Burada, bir sürecin gerçekte nasıl gerçekleştiğini görelim. Fiziksel ayrışmanın nasıl gerçekleştiğini görelim. Büyük taşlarda nasıl çatlaklar ve çatlaklar olduğunu görmüş olmalısınız. Yağmur yağdığında, su bu çatlaklarda ve yarıklarda toplanır. Daha sonra, gece geldiğinde, ortamın sıcaklığı düşer. Bunun sonucu olarak, bu küçük çatlak ve yarıklardaki su buza dönüştükçe genişlemeye başlar. Bunu yaparken kaya ayrılmaya başlar. Bu eylem bir süre tekrarlanır ve son olarak, kaya parçası kendisini büyük kayadan ayırır.
Parçalanmış kaya parçaları bulundukları yerde kaldığında, rüzgar, su ve eriyen buzun etkisi bu küçük kaya parçalarının bazılarını yeni yerlere götürür. Bu işleme erozyon denir. Erozyon, kaya parçaları rüzgarlar, akan su ve yerçekimi etkileri ile daha düşük seviyelere indirilirken peyzajın şekillenmesine yol açan bir dizi süreçtir. Plajların ve nehir kenarlarının etrafında gördüğümüz küçük kaya parçaları, dağlarda yükseklere sahiptir. Erozyon, daha büyük bir sürecin başlangıcıdır. Olarak bilinen diğer dört aşaması vardır ayrılma, sürükleme, taşıma ve biriktirme. Erozyonla dolaşmaya başlayan kaya ve tortuların bir yere yerleşmesi gerekir. Bir kez yaptıkları zaman, birikim olarak bilinir.
• Hem yıpranma hem de erozyon yeryüzünün yüzeyini yeniden şekillendirmede yardımcı olsa da, hava şartlarına maruz kalma kayaların daha küçük parçalara kırılmasına neden olurken, erozyon bu küçük parçaların esen rüzgarlar, akan su ve eriyen buzlar nedeniyle daha yeni yerlere hareket etmesidir. yerçekimi ile birleşti.

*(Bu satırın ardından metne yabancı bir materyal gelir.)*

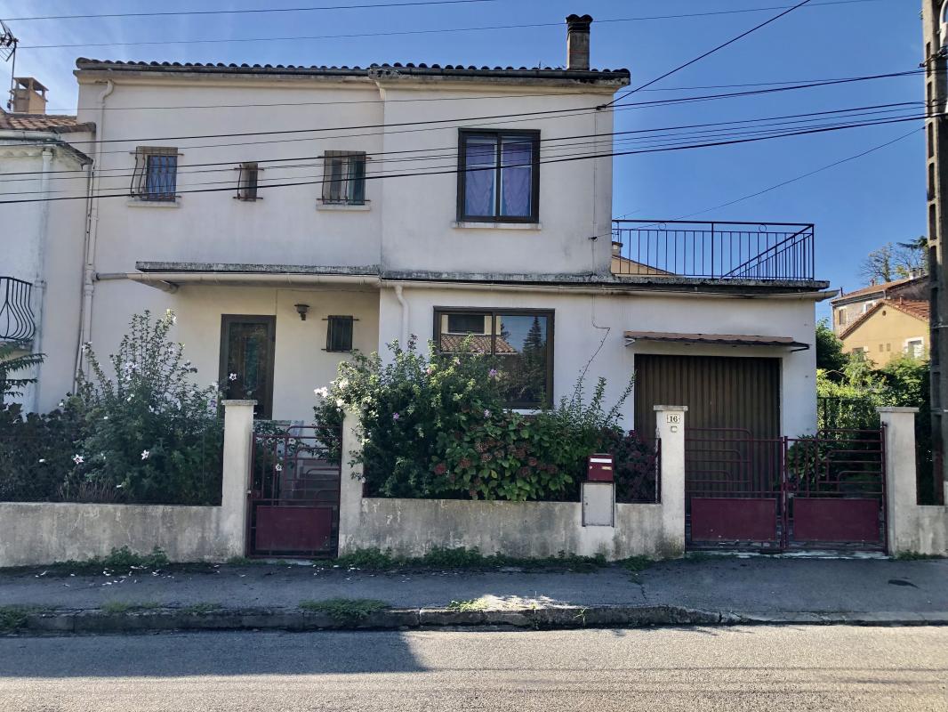 A vendre maison mitoyenne d un seul côté annee 1960 a étage sur un terrain de 370 m2 comprenant au Rdv, 1 cuisine, 1 chambre, une salle à manger avec salon, 1 wc, une salle d eau; a l étage : 1 wc , 1 salle d eau, 3 chambres ,1 salon, terrasse de 40 m2. Garage et grande cave sous la maison de 50m2.Chauffage central gaz de ville. Bien situé quartier calme de la Prairie Ales a 10 minutes à pied du centre ville.Diagnostics réalisés catégorie D.

• Ayrışma fiziksel, organik veya kimyasal olabilirken, erozyon kaya parçalarının bir yerden başka bir yere düz hareketi.
• Hem yıpranma hem de erozyon nedeniyle yeni jeolojik özellikler görüyoruz. Hava şartlarının olmasını durduramayız. Bununla birlikte, erozyonun meydana gelmesini durdurmak için insanlar tepelerin üzerine ağaç dikmek gibi farklı eylemler gerçekleştirir..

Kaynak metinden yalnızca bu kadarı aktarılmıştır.